- Born: 1963 (age 62–63)
- Known for: Former chairman of Leeds United Football Club

= Salah Nooruddin =

Bahraini businessman

Salah Abdulla Nooruddin Nooruddin (صلاح عبد الله نور الدين نور الدين; born 1963) is a Bahraini businessman and the former chairman of Leeds United Football Club.

Bahraini-based businessman Salah Nooruddin, CEO of Envest Limited, initially bought a 3.33% stake in LUFC Holding Limited following the takeover of Leeds United by GFH Capital – an Islamic investment bank with headquarters in Bahrain.
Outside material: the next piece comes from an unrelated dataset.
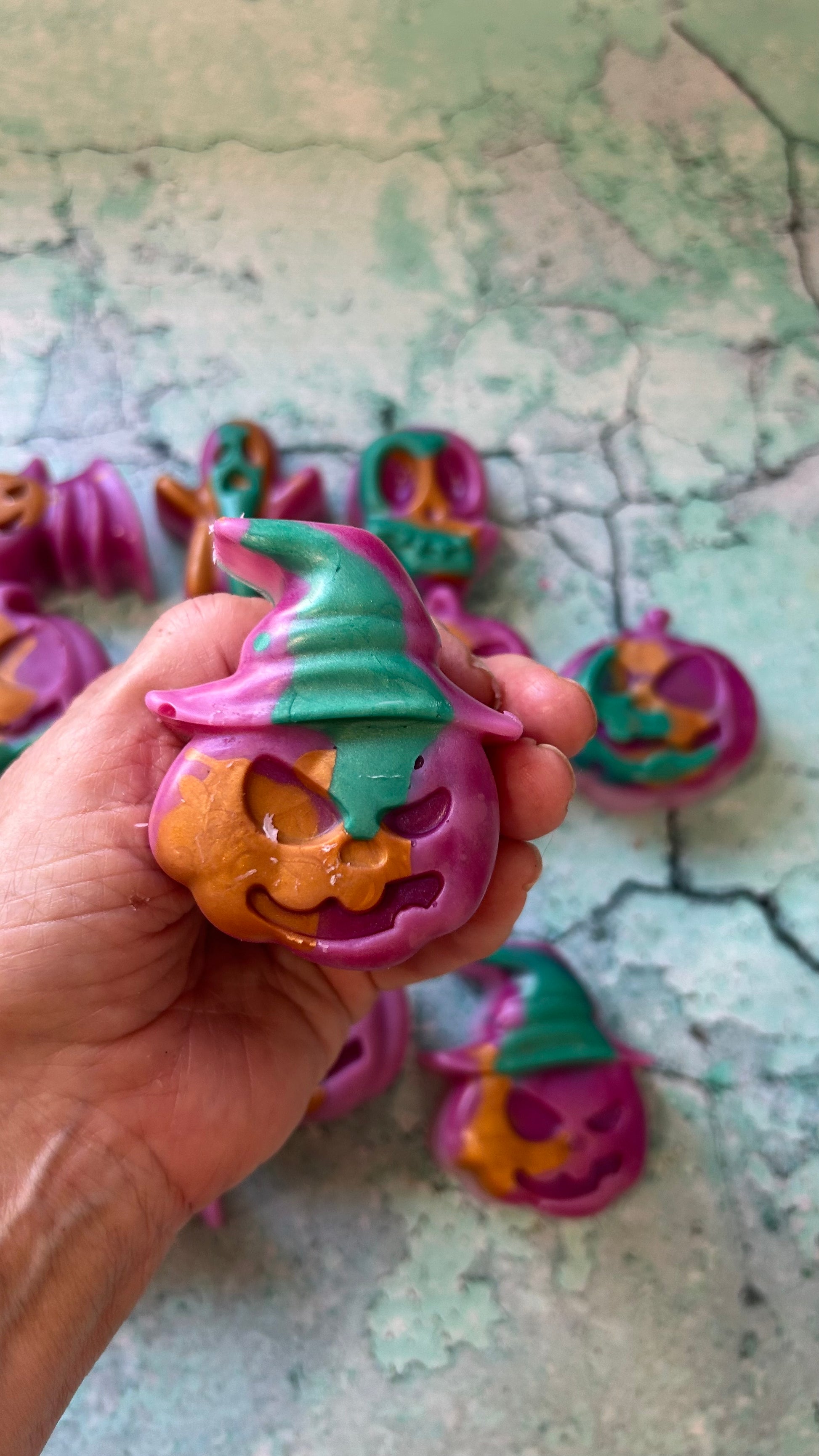 This listing is fora jack-o-lantern shape made with IGI 6006 parasoy wax and is approximately 3 ounces each. They are scented in GOLDEN TRIANGLES: CANDY CORN/VANILLA CAKE POPS/SALTED CARAMEL. There are 12 available.

Nooruddin was initially appointed vice-chairman on 21 May 2013 but following the end of Ken Bates' tenure as chairman Nooruddin became chairman on 1 July 2013. It was later revealed that he had increased his stake in the club to 10%.

In early 2014 GFH Capital sold their majority stake in the club to Italian Businessman Massimo Cellino who then became majority shareholder by 75% this means GFH Capitol would only retain a 5% stake in the club while Nooruddin would retain a 10% stake through his company Envest Ltd while he would also look after the 10% stake in the club owned by the International Investment Bank.

In 2014 Nooruddin was removed as club chairman by new owner Massimo Cellino but would remain on the board of directors until April 2014 when he resigned from the board.